Mohr Isabelle, Brand Maximilian, Weber Christophe, Langel Andrea, Langel Jessica, Michl Patrick, Leidner Viola Yuriko, Olkus Alexander, Köhrer Sebastian, Merle Uta
Internal Medicine IV, Department of Gastroenterology University Hospital Heidelberg Heidelberg Germany.
Internal Medicine III Department of Internal Medicine and Cardiology University Hospital Heidelberg Heidelberg Germany.
JIMD Rep. 2025 May 6;66(3):e70021. doi: 10.1002/jmd2.70021. eCollection 2025 May.

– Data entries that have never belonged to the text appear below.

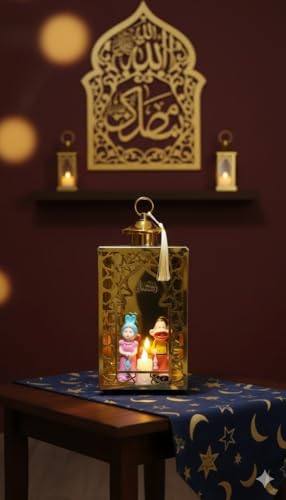 - الأبعاد والمواد: ارتفاع 30 سم، قطر 12 سم، عرض 10 سم، مصنوع من معدن وزجاج وبلاستيك آمن، وزن 100 جرام، مثالي كهدية رمضانية للعائلة والأصدقاء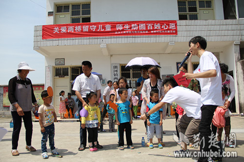 据了解,两桥村的青壮年大多外出打工,村里共有留守儿童40多个。对于远道而来的大学生志愿者,两桥村村长兼书记黄祥华表示欢迎,并感谢必赢优惠y272net的大学生志愿者对留守儿童的无私关爱。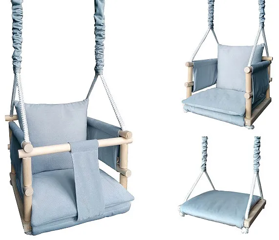 Szara welwetowa huśtawka dziecięca 3w1 Eleonor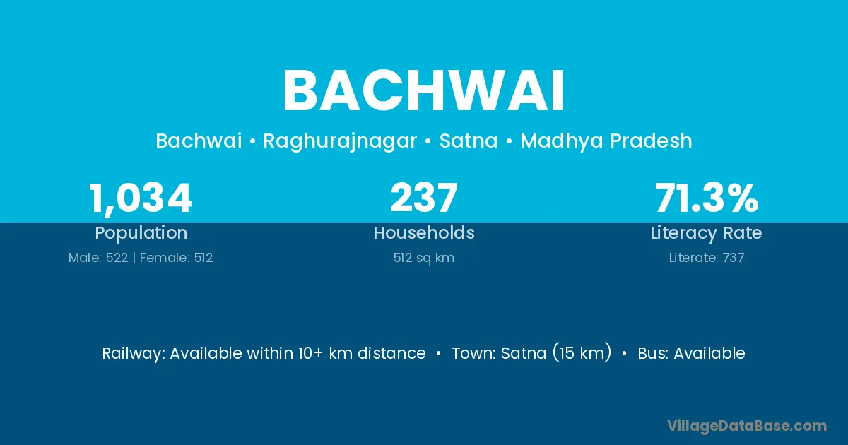 Satna (15 km) is the nearest town to Bachwai village for major economic activities and is located approximately 15 km away.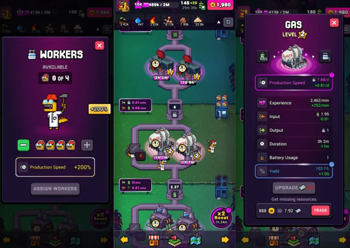 - High-tier factory upgrades: Upgrading factories like steel and gas lets you produce more valuable resources at a quicker pace. These items sell for higher profits, but the catch is that you’ll need DynoCoin to fund their input materials.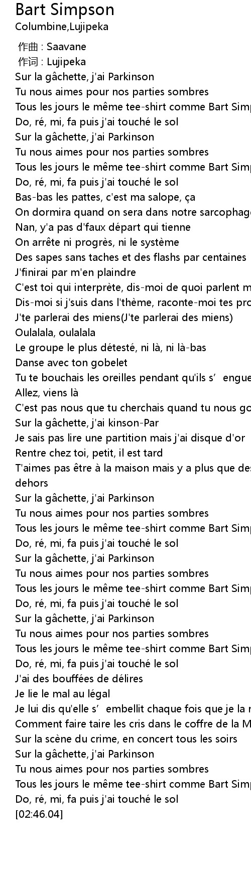 | [02:02.84] | Tous les jours le m me teeshirt comme Bart Simpson |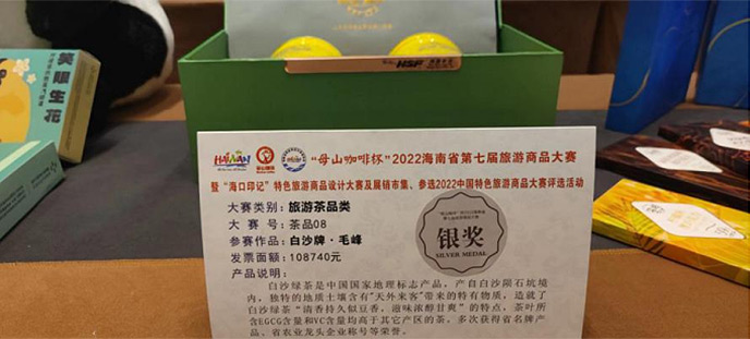11月1日白沙毛峰獲得“母山咖啡杯”2022海南省第七屆旅游商品大賽銀獎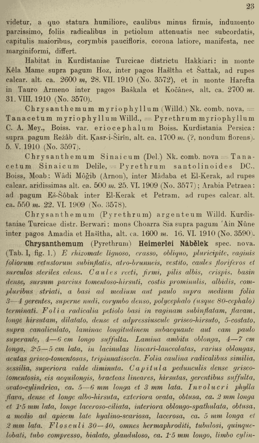Протолог Chrysanthemum heimerlii Nábělek (Spisy Vydávané Přírodovĕdeckou Fakultou Masarykovy University 52: 23. 1925):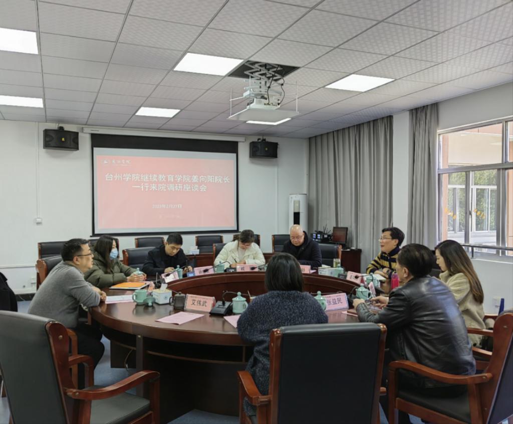 交流会上,王峰院长总体介绍了该院的发展情况、办学机制、人员结构、办学规模、发展策略、指导思想、制度建设等,徐俏琳副院长着重介绍了学历教育的管理机制,职业技能部主任蓝傅瑜详细讲解了丽水学院职业技能培训的项目内容,并分享了如何更好发展职业技能培训项目的经验。随后,姜向阳介绍台州学院继续教育学院整体办学情况。会上双方还围绕高等学历继续教育改革、社会培训等方面进行深入交流。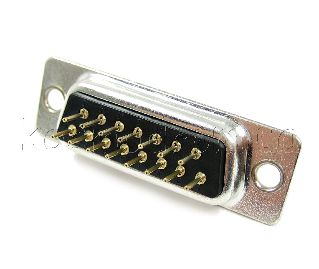 Разъемы стандарта D-SUB, двухрядные, в металлическом корпусе для навесного монтажа. Могут устанавливаться на блок, в пластиковый либо металлический корпус. Используются очень широко в компьютерах (COM,LPT). Разъемы серии D-SUB (полное название D -Subminiature) состоят из контактной колодки со штыревыми контактами в два, три или четыре ряда причем количество контактов в первом ряду на один больше, чем во втором. Контакты разъема защищены металлическим кожухом, напоминающим по форме букву D, благодаря чему исключается возможность неправильного соединения.

SARS-CoV-2 infection and Long COVID (LC) might lead to a significant deterioration of physical and mental health. Wilson disease (WD) patients have a chronic liver and/or neuropsychiatric disease, making it particularly interesting to investigate LC in WD. 51 WD patients were retrospectively examined, evaluating physical and mental health by a survey and neuropsychological tests (SF-12, PSQI, ISI, Epworth, Chalder-fatigue scale, PHQ-9, GAD-7, PSS, FLei) before and ~11 months after SARS-CoV-2 infection. LC was defined as the development of new, at least moderately severe symptoms (shortness of breath, chest pain, fatigue, brain fog, exercise capacity, concentration disturbances) and/or worsening of pre-existing symptoms. 70.6% had predominant hepatic and 29.4% had neuropsychiatric symptoms at WD diagnosis. Median age was 39 years; 56.1% were female. Patients were in stable maintenance phase with a median treatment duration of 23 years. When compared to before COVID-19, WD patients had significantly worse physical life quality, sleeping quality, and fatigue. After COVID-19, a high percentage of WD patients reported concentration disorders (60%), fatigue (55%), reduced exercise capacity (50%), shortness of breath (40%), chest pain (20%) and feeling of brain fog (15%). 39.2% ( = 20) of the WD patients were classified as LC. This LC-WD subgroup showed significantly impaired quality of life, a high stress level, and sleeping disturbances, fatigue, depression, anxiety, and cognitive impairment. A large proportion of WD patients experience LC symptoms, reduced life quality, and sleeping disorders after SARS-CoV-2 infection. WD patients post-infection should be well monitored and supported if they develop persisting symptoms or neuro-psychological problems.
严重急性呼吸综合征冠状病毒2(SARS-CoV-2)感染和新冠后遗症(LC)可能导致身心健康显著恶化。威尔逊病(WD)患者患有慢性肝脏和/或神经精神疾病,因此在WD患者中研究LC特别有意义。对51例WD患者进行回顾性检查,在SARS-CoV-2感染前和约11个月后通过调查和神经心理学测试(SF-12、匹兹堡睡眠质量指数、失眠严重程度指数、爱泼沃斯嗜睡量表、查尔德疲劳量表、患者健康问卷-9、广泛性焦虑障碍量表、压力知觉量表、疲劳量表)评估其身心健康状况。LC被定义为出现新的、至少中度严重的症状(呼吸急促、胸痛、疲劳、脑雾、运动能力、注意力障碍)和/或既往症状恶化。WD诊断时,70.6%的患者以肝脏症状为主,29.4%的患者以神经精神症状为主。中位年龄为39岁;56.1%为女性。患者处于稳定的维持期,中位治疗时间为23年。与新冠疫情前相比,WD患者的身体生活质量、睡眠质量和疲劳状况明显更差。新冠疫情后,高比例的WD患者报告有注意力障碍(60%)、疲劳(55%)、运动能力下降(50%)、呼吸急促(40%)、胸痛(20%)和脑雾感(15%)。39.2%(=20例)的WD患者被归类为LC。这个LC-WD亚组的生活质量明显受损,压力水平高,存在睡眠障碍、疲劳、抑郁、焦虑和认知障碍。很大一部分WD患者在SARS-CoV-2感染后出现LC症状、生活质量下降和睡眠障碍。感染后的WD患者如果出现持续症状或神经心理问题,应得到密切监测和支持。